(Beginning of DATA SECTION)
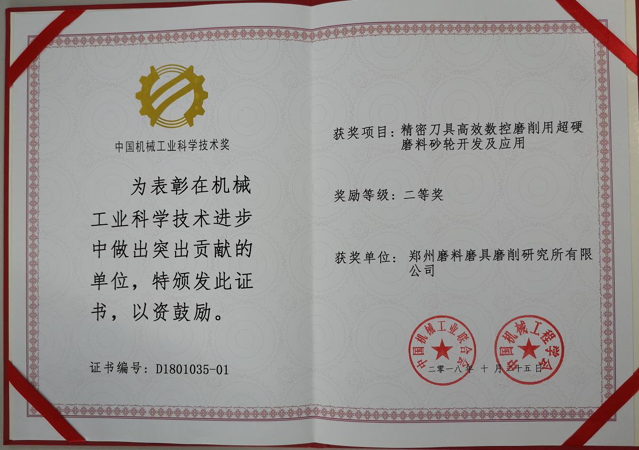 该项目通过高效耐磨复合结合剂制备、高表面加工质量砂轮配方设计、砂轮用功能型基体制备、砂轮高精度加工制造等多项关键技术突破,开发出了精密刀具数控高效磨削用超硬砂轮,经中国机械工业联合会组织鉴定,总体技术达到国际先进水平,同时通过国家科技重大专项实施管理办公室组织的专家验收,验收考核指标是研制出的砂轮产品耐用度等性能指标均达到了国际先进水平。
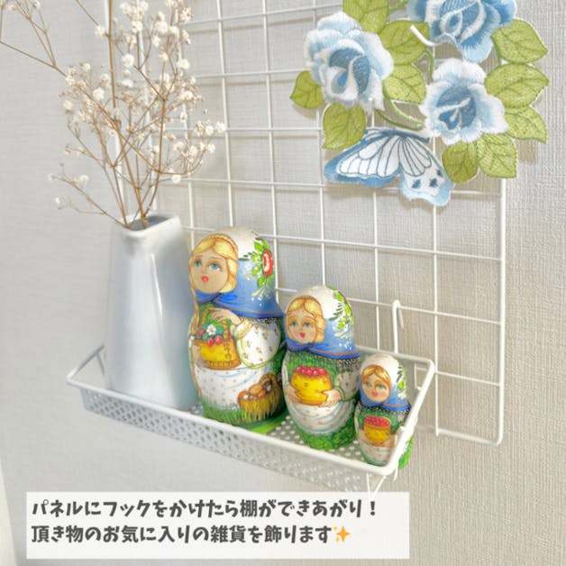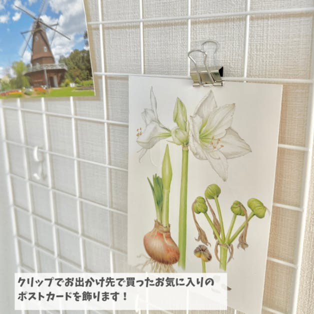 お気に入りの雑貨やポストカードを“見せる収納”で楽しむため、白のワイヤーウォールをDIY✨ 壁になじむ色&軽さで扱いやすいパネルを今回はチョイス。 石膏ボードフックで穴も目立ちにくくて安心! 棚やS字フックで自由にアレンジできて、引き出しに眠っていた推しグッズも大集合😍お部屋がもっと好きになりました💕
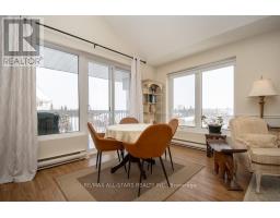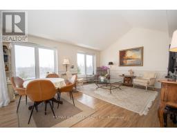 $1,328 MonthlySun-filled with great views! Ideally situated, this corner-unit penthouse offers one of the best locations in the building! With 2 bedrooms & 2 full washrooms, this lovely unit also features 11' vaulted ceilings in almost all rooms, making the 1135 sq/ft feel even more spacious & airy. The bright living/dining area offers both patio doors leading to a spacious balcony with sunrise & river views, as well as a wall of large windows overlooking the river, boat docking area, and the beautiful, historic Rivermill clubhouse. The large primary bedroom has a walk-in closet and a full ensuite with soaker tub & separate step-in shower. There is updated flooring in the living room, kitchen and hallway, newer vanities in both washrooms, and a fresh, neutral paint colour throughout. All utilities are included in the monthly condo fees, as well as the use of the lovely landscaped grounds, the heated indoor pool & saunas, the billiard and exercise rooms, the tennis court, many social/gathering rooms, and the lovely rooftop patio overlooking the river. This building is pet friendly (with restrictions), and one underground parking space and a storage locker are included with this unit. Additional parking and a boat slip are available for very reasonable additional fees. Everything you could want in a secure, low-maintenance lifestyle can be found here! (id:47351)
(End of DATA SECTION)
● TASK OBJECTIVE
When you write out the material, keep every line exact and leave out each picture.

● EXERCISE RESPONSE
 该项目通过高效耐磨复合结合剂制备、高表面加工质量砂轮配方设计、砂轮用功能型基体制备、砂轮高精度加工制造等多项关键技术突破,开发出了精密刀具数控高效磨削用超硬砂轮,经中国机械工业联合会组织鉴定,总体技术达到国际先进水平,同时通过国家科技重大专项实施管理办公室组织的专家验收,验收考核指标是研制出的砂轮产品耐用度等性能指标均达到了国际先进水平。
 お気に入りの雑貨やポストカードを“見せる収納”で楽しむため、白のワイヤーウォールをDIY✨ 壁になじむ色&軽さで扱いやすいパネルを今回はチョイス。 石膏ボードフックで穴も目立ちにくくて安心! 棚やS字フックで自由にアレンジできて、引き出しに眠っていた推しグッズも大集合😍お部屋がもっと好きになりました💕
 $1,328 MonthlySun-filled with great views! Ideally situated, this corner-unit penthouse offers one of the best locations in the building! With 2 bedrooms & 2 full washrooms, this lovely unit also features 11' vaulted ceilings in almost all rooms, making the 1135 sq/ft feel even more spacious & airy. The bright living/dining area offers both patio doors leading to a spacious balcony with sunrise & river views, as well as a wall of large windows overlooking the river, boat docking area, and the beautiful, historic Rivermill clubhouse. The large primary bedroom has a walk-in closet and a full ensuite with soaker tub & separate step-in shower. There is updated flooring in the living room, kitchen and hallway, newer vanities in both washrooms, and a fresh, neutral paint colour throughout. All utilities are included in the monthly condo fees, as well as the use of the lovely landscaped grounds, the heated indoor pool & saunas, the billiard and exercise rooms, the tennis court, many social/gathering rooms, and the lovely rooftop patio overlooking the river. This building is pet friendly (with restrictions), and one underground parking space and a storage locker are included with this unit. Additional parking and a boat slip are available for very reasonable additional fees. Everything you could want in a secure, low-maintenance lifestyle can be found here! (id:47351)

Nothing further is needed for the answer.